Suspecting the loosely fitting fill line connection to the quantity probe inner cylinder, KSC personnel consulted with cognizant personnel at MSC and at NR. It was decided that if the tank could be filled, the leak in the fill line would not be a problem in flight, since it was felt that even a loose tube resulting in an electrical short between the capacitance plates of the quantity gage would result in an energy level too low to cause any other damage. Replacement of the oxygen shelf in the CM would have been difficult and would have taken at least 45 hours. In addition, shelf replacement would have had the potential of damaging or degrading other elements of the service module in the course of replacement activity. Therefore, the decision was made to test the ability to fill oxygen tank #2 on March 30, 1970, 12 days prior to the scheduled Saturday, April 11, launch, so as to be in a position to decide on shelf replacement well before the launch date.

Flow tests were first made with gaseous oxygen on oxygen tank #2 and on oxygen tank #1 for comparison. No problems were encountered, and the flow rates in the two tanks were similar. In addition, Beech was asked to test the electrical energy level reached in the event of a short circuit between plates of the quantity probe capacitance gage. This test showed that very low energy levels would result. Then, oxygen tanks #1 and #2 were filled with LOX to about 20 percent of capacity on March 30 with no difficulty. Tank #1 emptied in the normal manner, but emptying oxygen tank #2 again required pressure cycling with the heaters turned on.

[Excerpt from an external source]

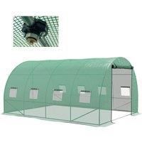 Transform your garden into a haven for growth, thanks to this Outsunny walk-in polytunnel greenhouse. The integrated spray system is easy: simply connect your hose - keeps plants hydrated and happy. The galvanised steel frame and reinforced support bars ensure a strong standing structure, all protected with a plastic cover. Integrated sprinkler system: Garden polytunnel has a built-in water pipe. Keeps plants stay hydrated and helps them grow. 140gsm plastic cover: Reinforcement grid through the middle to prevent tearing. Walk-in greenhouse protects your plants for longer. Wide door and mesh windows: Easy to enter and leave this polytunnel greenhouse. Mesh windows brings in fresh air when needed. Galvanised steel structure: A strong structure with diagonal bracing rods, greenhouse stands steady upright. Dimensions: 198H x 399L x 298Wcm. Door: 167H x 160Wcm. Water pipe: F20cm. Suitable hose: Inner: F13mm, F19mm. Assembly required - two people recommended. - Manufacturers part number: UK845-949V01GN0331

As the launch date approached, the oxygen tank #2 detanking problem was considered by the Apollo organization. At this point, the "shelf drop" incident on October 21, 1968, at NR was not considered and it was felt that the apparently normal detanking which had occurred in 1967 at Beech was not pertinent because it was believed that a different procedure was used by Beech. In fact,

however, the last portion of the procedure was quite similar, although at a slightly lower pressure.

Throughout these considerations, which involved technical and management personnel of KSC, MSC, NR, Beech, and NASA Headquarters, emphasis was directed toward the possibility and consequence of a loose fill tube; very little attention was paid to the extended heater and fan operation, except to note that they operated during and after the detanking sequences.

Many of the principals in the discussion were not aware of the extended heater operations. Those that did know the details of the procedure did not consider the possibility of damage due to excessive heat within the tank, and therefore did not advise management officials of any possible consequences of the unusually long heater operations.

As I noted earlier, each heater is protected with a thermostatic switch, mounted on the heater tube, which is intended to open the heater circuit when it senses a temperature of about 80°F. In tests conducted since the accident, however, it was found that the switches failed to open when the heaters were powered from a 65 volt DC supply similar to the power used at KSC during the detanking sequence. Subsequent investigations have shown that the thermostatic switches used, while rated as satisfactory for the 28 volt DC spacecraft power supply, could not open properly at 65 volts DC with 6-7 amps of current. A review of the voltage recordings made during the detanking at KSC indicates that, in fact, the switches did not open when the temperature of the switches rose past 80° F. Figure 18 shows a thermostatic switch welded closed after application of 12 amperes of 65 volts DC. Further tests have shown that the temperatures on the heater tube subsequent to the switch failures may have reached as much as 1000°F during the detanking. This temperature can cause serious damage to adjacent Teflon insulation, and such damage almost certainly occurred. Figures 19 and 20 show the condition of wires, such as those used in the fan motor circuit, after they have been subjected to temperatures of about 1000° F.